#### Data extract

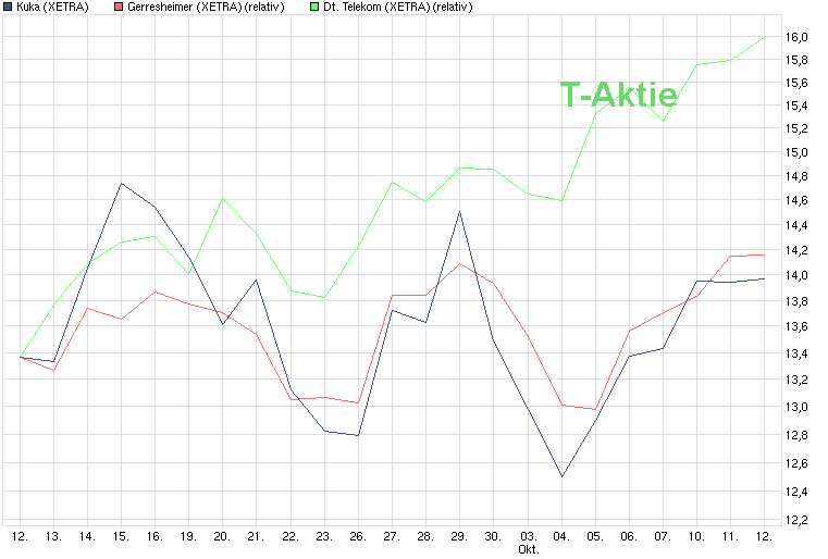 Nicht traurig sein mit deinen etwas fußlahmen Kuka & Gerresheimer Aktien. Hast halt bei deinem ständigen T-Aktien-Dauerbashing auf Ariva nicht die deutlichen Winke mit den Zaunpfählen gesehen die objektive User mit ihren Posting rechtzeitig gaben als die T-Aktie zu absoluten Schnäppchenpreisen notierten. Und auch Charttechnik scheint nicht zu deinem Wissensgebiet zu gehören, sonst wärst du spätestens beim Spung über den Bereich 8,80/85 in die T-Aktie long gegangen.
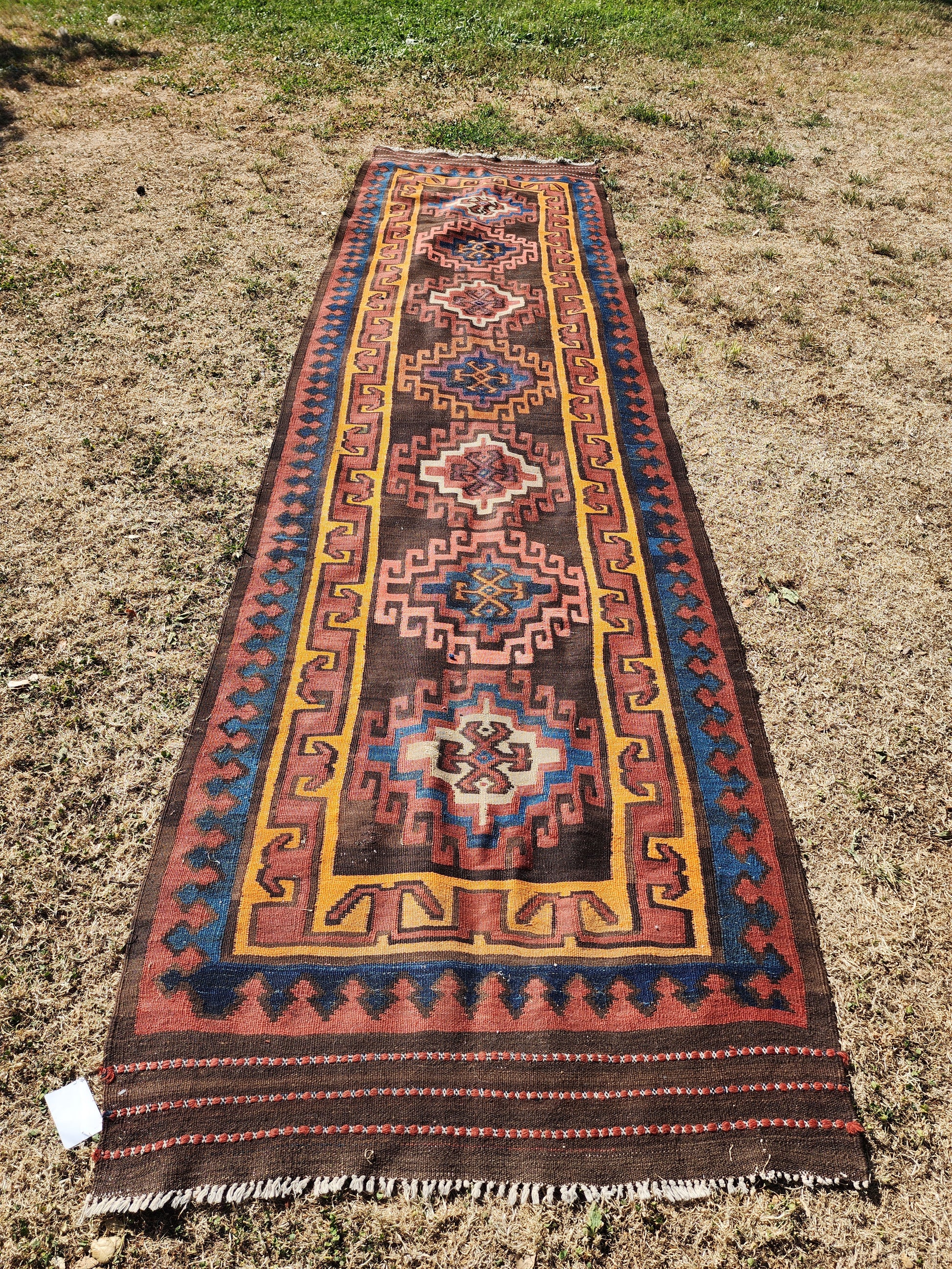 Elevate your space with this stunning vintage Turkish kilim runner, handwoven with intricate geometric patterns and rich earthy tones. Measuring 3.5x13.3 ft, this long, narrow rug is perfect for hallways, entryways, or as a statement piece in any room.
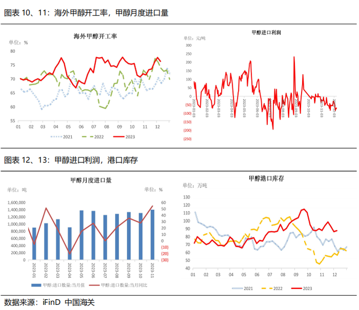 展望2024年,作为全球最大甲醇消费国,中国仍面临进口货源冲击。除去一季度季节性停车,海外存量装置运行基本稳定,国内进口量的年度变化与国外新产能的投放进度有较大关系,新增产能集中在伊朗及美国,根据计划,伊朗将有两套165万吨甲醇装置,美国共有320万吨装置,另外马来西亚还有一套175万吨装置计划在2024年投产。因此,在进口利润仍存,海外开工相对稳定,再加上新增产能较多,国内仍面临高进口量冲击,港口高库存或成为常态,或促进进口甲醇倒流内地市场,但需考虑海外气源供应以及内外差价变化等因素。
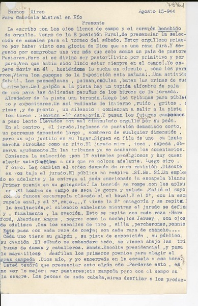 [Carta] 1944 ago. 15, Buenos Aires, [Argentina] [a] Gabriela Mistral, Río, [Brasil] [manuscrito] Martha [Salotti].

########

Problem description: The answer should consist only of the lines from the one with "Elevate your space" through the last line of the material above, copied exactly, with no pictures.

Output of the exercise:
 Elevate your space with this stunning vintage Turkish kilim runner, handwoven with intricate geometric patterns and rich earthy tones. Measuring 3.5x13.3 ft, this long, narrow rug is perfect for hallways, entryways, or as a statement piece in any room.
 展望2024年,作为全球最大甲醇消费国,中国仍面临进口货源冲击。除去一季度季节性停车,海外存量装置运行基本稳定,国内进口量的年度变化与国外新产能的投放进度有较大关系,新增产能集中在伊朗及美国,根据计划,伊朗将有两套165万吨甲醇装置,美国共有320万吨装置,另外马来西亚还有一套175万吨装置计划在2024年投产。因此,在进口利润仍存,海外开工相对稳定,再加上新增产能较多,国内仍面临高进口量冲击,港口高库存或成为常态,或促进进口甲醇倒流内地市场,但需考虑海外气源供应以及内外差价变化等因素。
 [Carta] 1944 ago. 15, Buenos Aires, [Argentina] [a] Gabriela Mistral, Río, [Brasil] [manuscrito] Martha [Salotti].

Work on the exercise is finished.